Set strict dependency on tested Kotlin compiler version

[3flex]

This effectively pins the Kotlin compiler version used by detekt-cli, minimising the chance of it being overridden and causing issues such as #4786. The only alternative I can think of to this approach is using the shadowed/bundled JAR in the Gradle plugin, and only publishing that artifact of detekt-cli.

On the consumer side, the version can still be overridden, but only in specific configurations which a user would have to specifically go out of their way to use (and, given the only override on the consumer side requires use of a strictly version declaration, it should be respected).
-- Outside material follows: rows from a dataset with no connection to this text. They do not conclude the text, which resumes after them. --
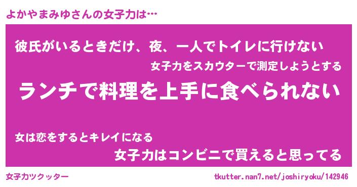 | 恥ずかしいあだ名 | 『プリティーよかやまみゆ』『よかっちょ』 |
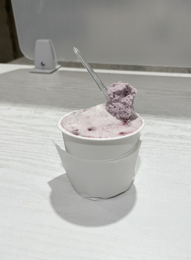 デパ地下でジェラート食べました。何年ぶりだろう…?選んだ味(ラズベリー)の上に、店員さんおすすめのジェラート(ブルーベリー)のせてくれました。サーティワンアイスでやってもらえるアレ、ですね。
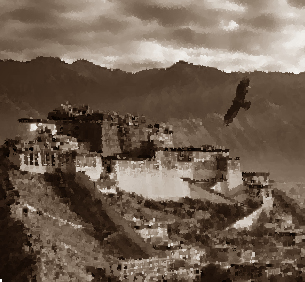 hướng về phía điện Potala. Lăo Hoàng Ngưu dơi theo bóng chim cho đến khi
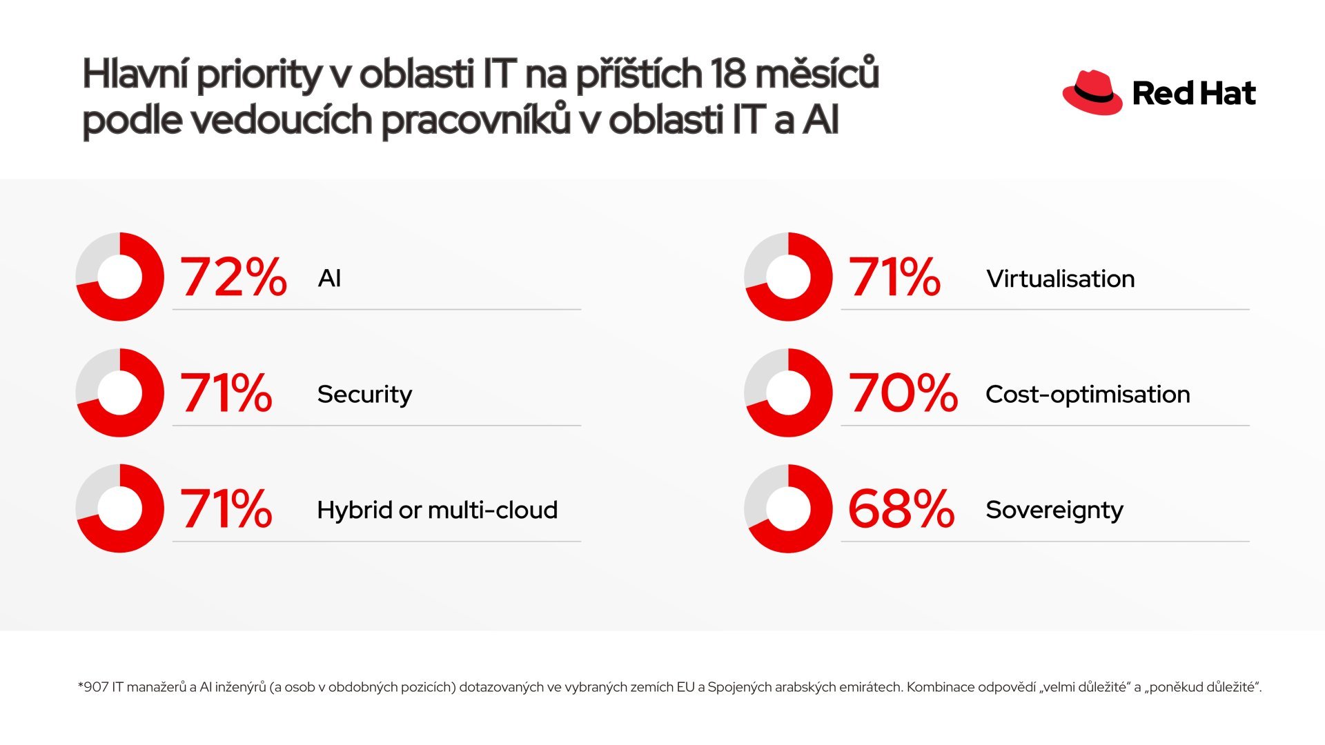Údaje pocházejí z nejnovějšího průzkumu společnosti Red Hat mezi více než 900 IT lídry a AI inženýry v devíti evropských zemích.
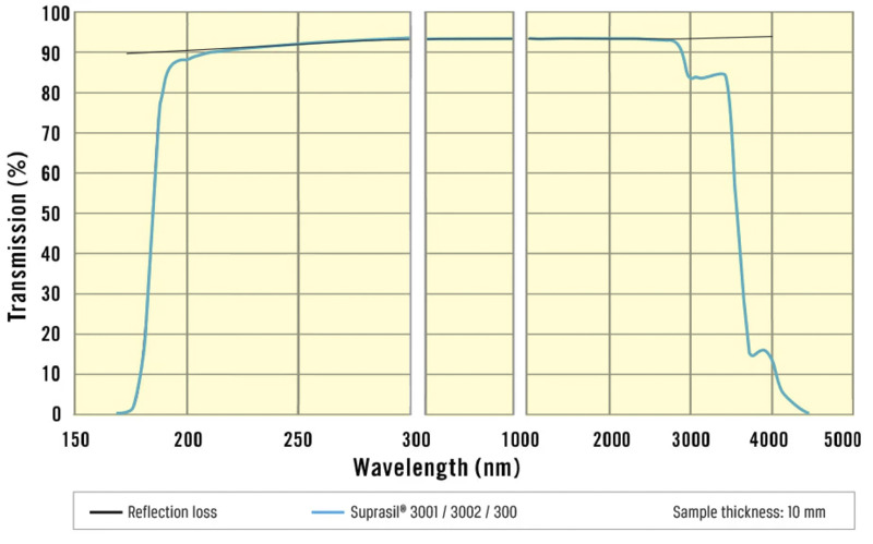 These lenses feature Heraeus Suprasil® 300 high‑purity synthetic fused silica substrates. Suprasil 300 is manufactured by flame hydrolysis and is characterized by ultra‑low metallic impurities (<1 ppm) and an exceptionally low OH content (<1 ppm), resulting in no absorption bands from the visible to the infrared spectral region. This significantly reduces bulk absorption and minimizes the risk of internal damage under high‑energy laser exposure. For more information, refer to the optical material tech note.

On the consumer side, the version can be overridden with strictly applied versions (when this PR was authored, detekt-cli strictly depends on version 1.6.21):

// Downgrade attempt. Successful, Gradle uses 1.6.20
detekt("org.jetbrains.kotlin:kotlin-compiler-embeddable") {
    version {
        strictly("1.6.20")
    }
}

// Upgrade attempt. Successful, Gradle uses 1.7.0-Beta
detekt("org.jetbrains.kotlin:kotlin-compiler-embeddable") {
    version {
        strictly("1.7.0-Beta")
    }
}

When overriding the version using non-strictly applied versions, the version is unchanged, though upgrade attempts lead to this error:

// Downgrade attempt. No error, Gradle still uses 1.6.21
detekt("org.jetbrains.kotlin:kotlin-compiler-embeddable:1.6.20")

// Upgrade attempt. Gradle error "Cannot find a version of 'org.jetbrains.kotlin:kotlin-compiler-embeddable' that satisfies the version constraints"
detekt("org.jetbrains.kotlin:kotlin-compiler-embeddable:1.7.0-Beta")

There's more background here and here.

Closes #4817.

[3flex]

Worth commenting on the error case when someone tries to upgrade - if detekt falls behind in upgrading, and someone tries upgrading the Kotlin version in their project using configuration overrides to a newer version than what's used by detekt, it will cause a build failure.

At least the error is more meaningful and accurate, but it will inevitably lead to new support issues being raised.

The shadow/bundled approach would be more robust.

[cortinico]

Q: Is the issue arising only on .compilerEmbeddable or should be pin also the stdlib and other deps we import?

[3flex]

It's a good question. Probably yes... but perhaps we can just roll out this change to begin with, and see if there are any new issues, before becoming more strict with the other dependencies?

kotlin-compiler-embeddable has a few other dependencies too, and in the very worst case they might also be overridden by the user's build script, so we'd want to pin everything, but then there's a maintenance burden being introduced (we have to remember to check if there are changes to the transitive dependencies that we need to update when each new Kotlin version is released).

I'm still of the opinion that we shouldn't be building workarounds into this project just to workaround issues introduced by users in their own build scripts, and instead we should educate users about how to fix it on their side. For that reason, if we merge this PR, I'd prefer the limited scope that it currently has.

[BraisGabin]

Will this change affect the kotlin version in the "main project" of our users? I assume that if they need to use detekt(...) it will not affect them but just to be sure.

[3flex]

There should be no impact at all to the main project. The dependency on detekt-cli is added to the "detekt" configuration and I believe the constraints only apply to that configuration and no others.

If this is merged the snapshot could be used to test.

[schalkms]

I think one review comment is still open.
#4822 (comment)

Otherwise, we should merge this into main asap.